I suspect there is a way to compromise between A and B/C, perhaps a complex Bayesian analysis where the list of allowed states can change and itself be optimized. But whether it would be worth the time & effort to set it up, for typical datasets with 10s to 100s of species/ranges, is dubious to me...but people are welcome to try!

Thanks.
On Wednesday, March 20, 2024 at 3:29:48 PM UTC+1 Théo Driancourt wrote:
Hi everyone, I'm discovering biogeography through BioGeoBEARS and I'm currently dealing with a problem.
So for my project, we set 9 areas and constrained the possibilities in the states_list manually.

Running the models to statistically compare them, I ran a DEC model with no change to the state_list (I am therefore calling 'unconstrained'), a DEC models with the manual changes to the state_list (I am therefore calling 'constrained'), a DEC+J model unconstrained and a DEC+J model constrained.
The idea here is to approach a similar table we can found in K.V. Klaus & N.J. Matzke (Systematic Biology, 2020).

The conventional meaning of "constrained" vs. "unconstrained" is about rates, e.g. constraining parameters or dispersal rates to 0.0, so I would keep those words for that.

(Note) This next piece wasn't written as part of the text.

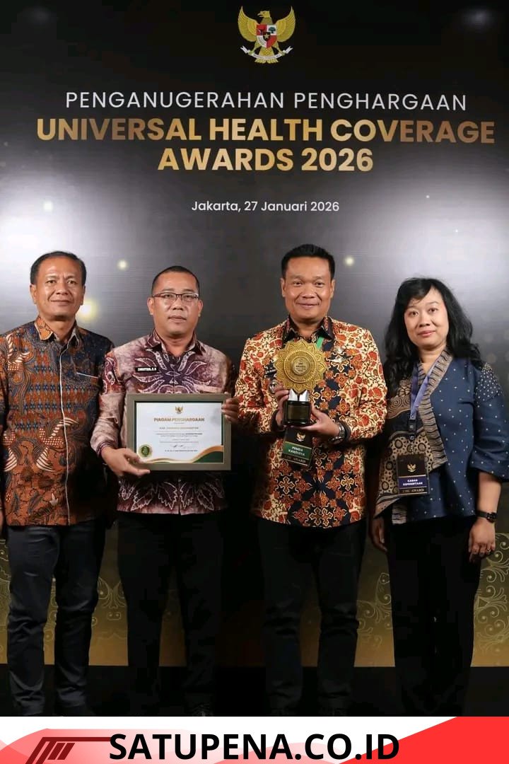Bupati Humbang Hasundutan Dr Oloan Paniaran Nababan SH MH menerima penghargaan UHC (Universal Health Coverage) Award 2026 Kategori Pratama sebagai bentuk apresiasi atas keberhasilan Kabupaten Humbang Hasundutan dalam memperluas cakupan kepesertaan program JKN (Jaminan Kesehatan Nasional).

The "nesting" language is also about parameters. j=0.0 is nested instead of a +J model with j=free parameter, so DEC is nested inside DEC+J.

The goal behind that table is to statistically compare these models ; but I'm not sure about how I can do it. Are my constrained models nested inside of DEC-unconstrained and thus, am I allowed to do LRT on these pairs : (DEC-unconstrained & DEC-constrained), (DEC+J-unconstrained & DEC+J-constrained), (DEC-unconstrained & DEC+J-constrained).
If not, am I even allowed to compare their AIC ?

It's definitely not a case of nesting statistical models.

Can likelihoods be compared anyway? I am dubious. Typically removing unobserved states will improve the likelihood, but what does that say? Do you actually know that the removed range was an impossible range, one which would not be reached if you re-ran the evolutionary history of this group 1000 times? Or are you just tweaking the data in a kind of manual, unrecorded human fitting of the model around the observations?

Decisions about the list of allowed areas and states/ranges list are, I think, best based on a priori considerations, and additionally computational speed where necessary.